Eg. In MP3 player, the flash memory stores the data that represents sound.
• Single flash chips cannot provide sufficient storage capacity for embedded-system.
• Advantages:
1) Flash drives have greater density which leads to higher capacity & low cost per bit.
2) It requires single power supply voltage & consumes less power.
• There are 2 methods for implementing larger memory: 1) Flash Cards & 2) Flash Drives
1) Flash Cards
One way of constructing larger module is to mount flash-chips on a small card.
Such flash-card have standard interface.
The card is simply plugged into a conveniently accessible slot.
Memory-size of the card can be 8, 32 or 64MB.
Eg: A minute of music can be stored in 1MB of memory.
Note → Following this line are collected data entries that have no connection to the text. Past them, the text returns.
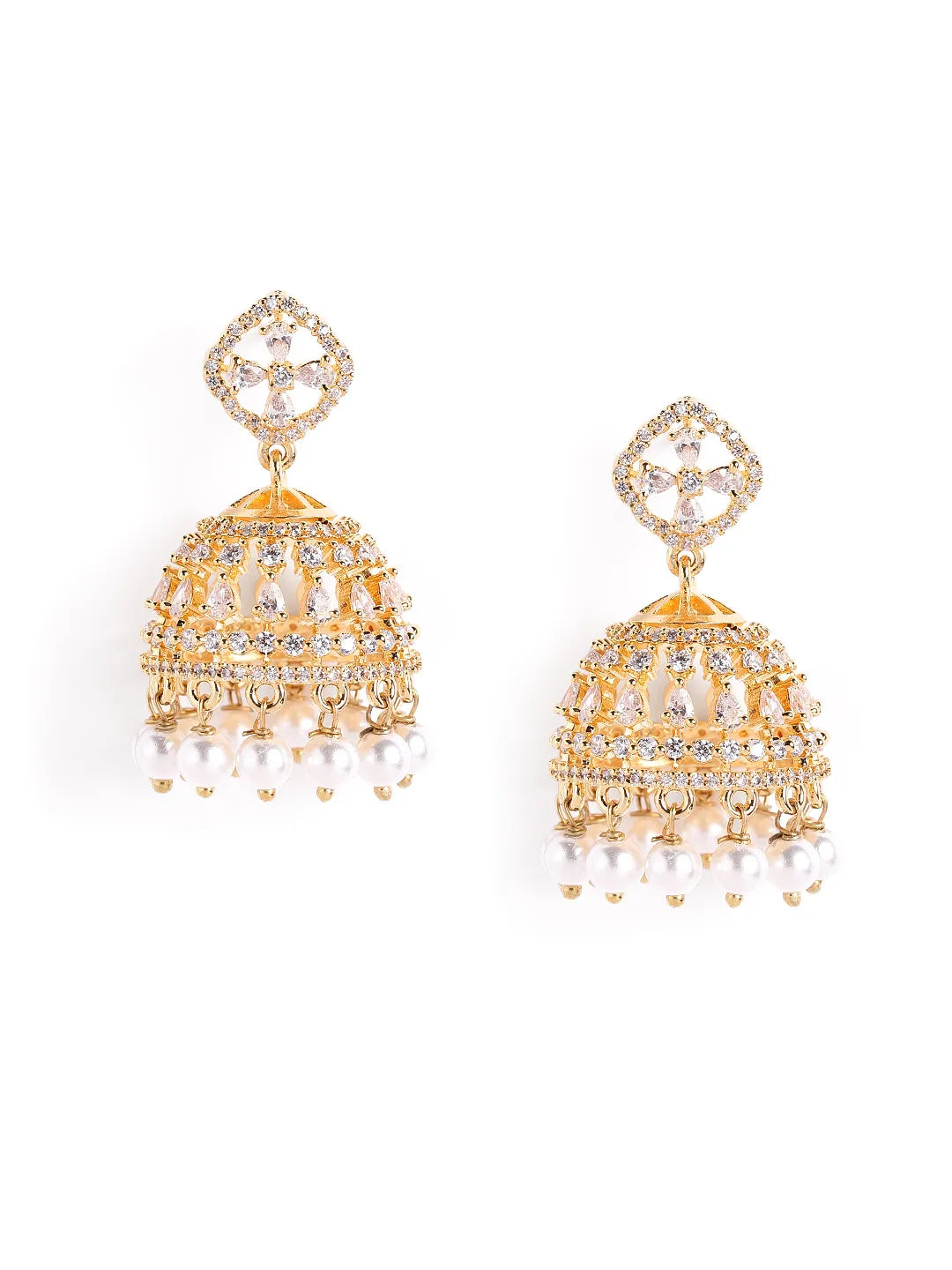 Product Name: Charming Pearl CZ Jhumki Earrings - Gold
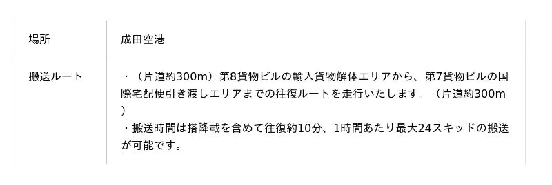 国内初、成田国際空港貨物上屋間における自動運転レベル4の自動搬送サービスを実用化
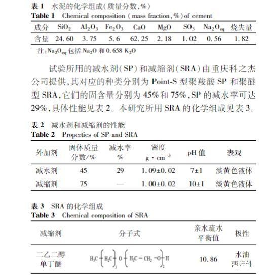 试验所用的减水剂(SP)和减缩剂(SRA)由重庆科之杰公司提供,其对应的种类分别为PointS型聚羧酸SP和聚醚型SRA,它们的固含量分别为45%和75%,SP的减水率可达29%,具体性能见表2.本研究所用SRA的化学组成见表3.
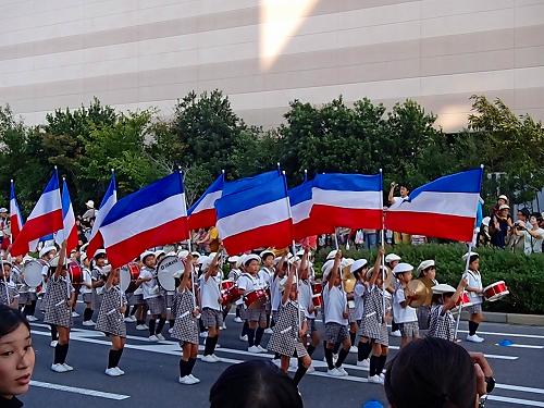 市民の皆さんもよさこいとか吹奏楽とかあちこちでステージがあって、お客さんもお店もステージも程よく分散していて、退屈しないお祭りです。帰り際にはこんなカワイイ子達が何故かフランス国旗です(笑)あまりの可愛さに完全に立ち止まって見てしまいました。
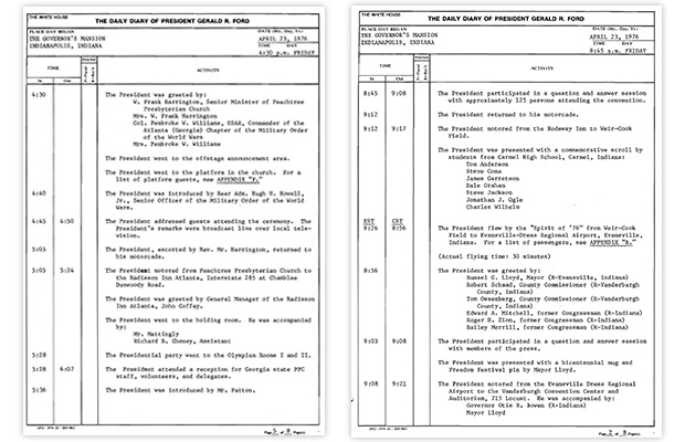 Now, here’s cool connection, finally! Writing my letter for July/August issue of Evansville Living, I researched Vanderburgh County events of 1976 – the Bicentennial Year – seeking information I might use as the county celebrates its 200th birthday this year. Top in the search result was a document Scanned from the President’s Daily Diary Collection at the Gerald R. Ford Presidential Library, April 23, 1976 – the day President Ford flew to Evansville on the “Spirit of 76.”

Hence 64MB flash cards can store an
hour of music.
2) Flash Drives
Larger flash memory can be developed by replacing the hard disk-drive.
The flash drives are designed to fully emulate the hard disk.
The flash drives are solid state electronic devices that have no movable parts.
Advantages:
1) They have shorter seek & access time which results in faster response.
2) They have low power consumption. .‟. they are attractive for battery driven
application.
3) They are insensitive to vibration.
Disadvantages:
1) The capacity of flash drive (<1GB) is less than hard disk (>1GB).
2) It leads to higher cost per bit.
3) Flash memory will weaken after it has been written a number of times (typically at
least 1 million times).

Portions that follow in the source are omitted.